Guar gum is used to make emulsions, for marbling colors, and to thicken water-based paint.
Guar gum is the ground endosperm of guar beans. The guar seeds are dehusked, milled, and screened to obtain the guar gum. Our guar gum is produced in Pakistan as a free-flowing, pale, off-white, fine ground powder, greater than 200 mesh.
Guar gum is a polysaccharide composed of the sugars galactose and mannose. Guar gum is more soluble than locust bean gum and is a better emulsifier. Unlike locust bean gum, it is not self-gelling. However, either borax or calcium (soluble calcium compounds, such as calcium chloride, are more effective) can cross-link guar gum, causing it to gel. In water, it is nonionic and hydrocolloidal. It is not affected by ionic strength or pH but will degrade at pH extremes. It remains stable in solution over the pH range of 5-7. Strong acids and alkalies can reduce its viscosity in solution.

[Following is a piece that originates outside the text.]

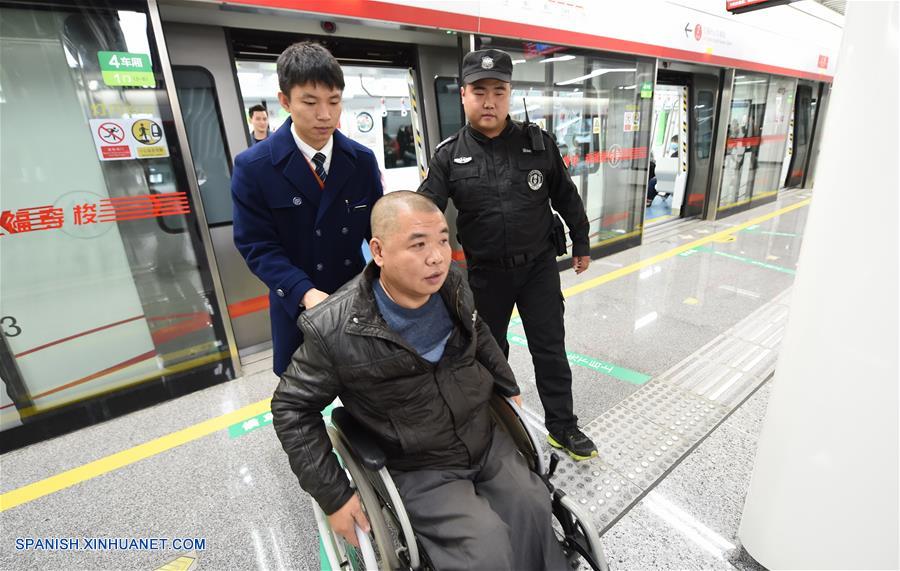 FUJIAN, enero 6, 2017 (Xinhua) -- Empleados ayudan a un pasajero discapacitado en la Línea 1 del Metro, en Fuzhou, capital de la provincia de Fujian, en el sureste de China, el 6 de enero de 2017. Fujian abrió el viernes su primera línea del metro en su ciudad capital de Fuzhou. (Xinhua/Lin Shanchuan)
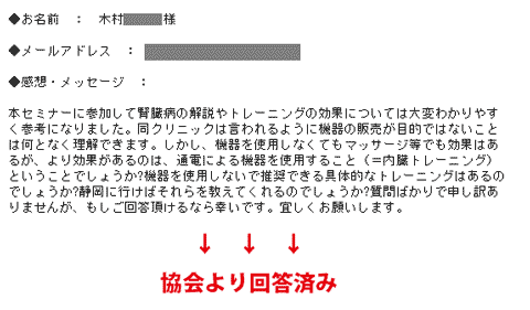 3, 200人以上収容出来る会場が殆ど満員になる盛況で腎臓病に悩みを持つ人が多いと思います。両先生の話は解かりやすく迫力がありました。特に望月先生の指導は寒気がするほど怖かったし心に沁みこみました。内蔵トレーニングは血流を良くして、体調を良くして結果が付いてくると思うことにしました。多少は未だ疑っている自分がいます。

Thickening: Guar gum shows high low-shear viscosity but is strongly shear-thinning. It is very thixotropic above 1% concentration, but below 0.3% its thixotropy is slight. It has a much greater low-shear viscosity than that of other hydrocolloid gums. Guar gum shows viscosity synergy with xanthan gum. Guar gum and casein mixtures can be slightly thixotropic.

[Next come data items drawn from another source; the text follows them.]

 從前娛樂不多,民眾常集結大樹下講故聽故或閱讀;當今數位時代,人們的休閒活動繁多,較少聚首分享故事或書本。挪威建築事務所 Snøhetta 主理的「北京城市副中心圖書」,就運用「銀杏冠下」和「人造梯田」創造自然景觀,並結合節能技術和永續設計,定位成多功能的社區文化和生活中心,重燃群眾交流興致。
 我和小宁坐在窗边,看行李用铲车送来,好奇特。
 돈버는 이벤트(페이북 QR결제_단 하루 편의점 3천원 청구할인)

Use to thicken water-based paints, such as watercolor and casein paints.
Emulsifying Agent: Guar gum has almost 8 times the water-thickening potency of cornstarch—only a very small quantity is needed for producing sufficient viscosity. Thus it is used effectively as an emulsifier because it helps to prevent oil droplets from coalescing, and as a stabilizer, because it helps to prevent solid particles from settling.